COMPORTAMIENTO CROMATOGRÁFICO DE LOS SOLUTOS

El comportamiento cromatográfico de un soluto en una determinada columna y para unos
parámetros de operación definidos se puede describir mediante el tiempo retención tR y la razón de
reparto k' (también conocida como factor de capacidad). Estos son los términos que se utilizan con
más frecuencia y que pueden modificarse variando tanto las combinaciones de FE-FM como
diversos parámetros de operación. Así, el grado de retención se puede cambiar desde casi una
retención total hasta el estado de migración libre con el frente de la FM.
La porosidad total del relleno (empaque) de la columna tiene una marcada influencia en el flujo
de FM. La porosidad expresa la razón del volumen intersticial del relleno respecto al volumen total.
La porosidad global para empaques sólidos es de 0.35 - 0.45, mientras que para empaques porosos
es de 0.70 - 0.90. En las columnas capilares, el valor de la porosidad es la unidad.
El tiempo necesario para transportar la banda de soluto desde el punto de inyección a través de
la columna hasta el detector (en el máximo del pico del soluto) se define como tiempo de retención
tR. tM representa el tiempo de tránsito de un soluto no retenido, y L representa la longitud de la
columna. t´R de retención ajustado está dado por:

𝑡´𝑅 = 𝑡𝑅 − 𝑡𝑀

El factor de capacidad k´ de cada soluto es la magnitud más importante en cromatografía de

columna.
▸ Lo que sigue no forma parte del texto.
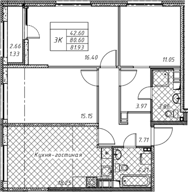 Трёхкомнатная квартира на 11-ом этаже 81,93 кв.м
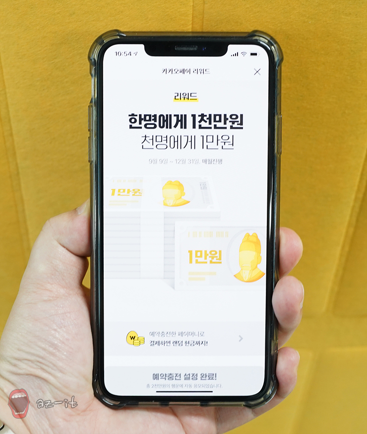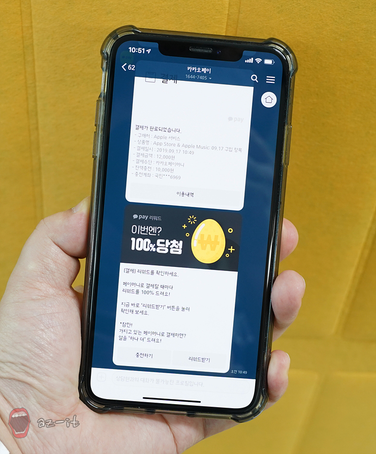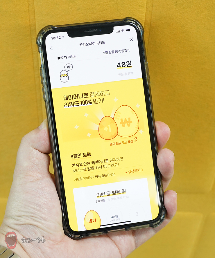 카카오페이를 이용하는데 있어 또 하나 마음에 드는 점. 바로 다양한 프로모션 진행입니다. 미리 충전한 금액으로 결제를 진행하면 추가 보너스 알을 획득하고 그에 따른 결제가 가능합니다. 보너스 알에 들어 있는 리워드가 얼마가 될지 여부는 알을 확인해야만 알 수 있으니 알을 열기전까지 가지는 긴장감도 재미있을 정도입니다.

Relaciona el equilibrio de distribución de la muestra dentro de la columna con las
propiedades termodinámicas de la columna y con la temperatura. Para un conjunto dado de
parámetros de operación, k´ es una medida del tiempo de permanencia del soluto en la fase
estacionaria en relación con el tiempo transcurrido en la fase móvil. Se define como el cociente de
los moles de un soluto en la fase estacionaria entre los moles en la fase móvil. El factor k´ es también
el tiempo adicional que una banda de soluto requiere para eluir, en comparación con un soluto no
retenido (para el cual k´ = 0), dividido entre el tiempo de elución de una banda no retenida (tM). Para
valores de k' mayores que 5 se desperdicia tiempo analítico valioso. Los valores menores de k' que
1 no proporcionan una resolución adecuada entre los solutos de elución temprana o que están cerca
del frente de disolvente.

PARÁMETROS PARA LA SEPARACIÓN ÚTIL Y EFICIENCIA DE LA COLUMNA

El grado de separación o resolución de dos bandas adyacentes Rs nos marca si se ha conseguido
una separación útil de los picos y se define como la distancia entre los picos de las bandas (o
centros) dividida entre el ancho promedio de las bandas. La resolución está dada por:

𝑅𝑠 = (𝑡´𝑅,2 − 𝑡´𝑅,1 )⁄[0,5 × (𝑊2 + 𝑊1 )]

Los picos adyacentes de igual altura y anchura deben estar separados al menos con RS = 1.0 (4)
y esto corresponde aproximadamente a un 3 % de sobreposición de sus áreas. Un valor de
RS = 1.5 (6) representa esencialmente una resolución completa, con sólo 0,2 % de sobreposición
de las áreas de los picos y suele ser suficiente cuando uno de los picos tiene entre 2 - 3 veces la
concentración del otro para poder cuantificar sus áreas de manera independiente sin interferencia
mutua. Una advertencia: Se requerirá una mayor resolución cuando una banda de un componente
mayoritario es adyacente a una banda de un constituyente menor.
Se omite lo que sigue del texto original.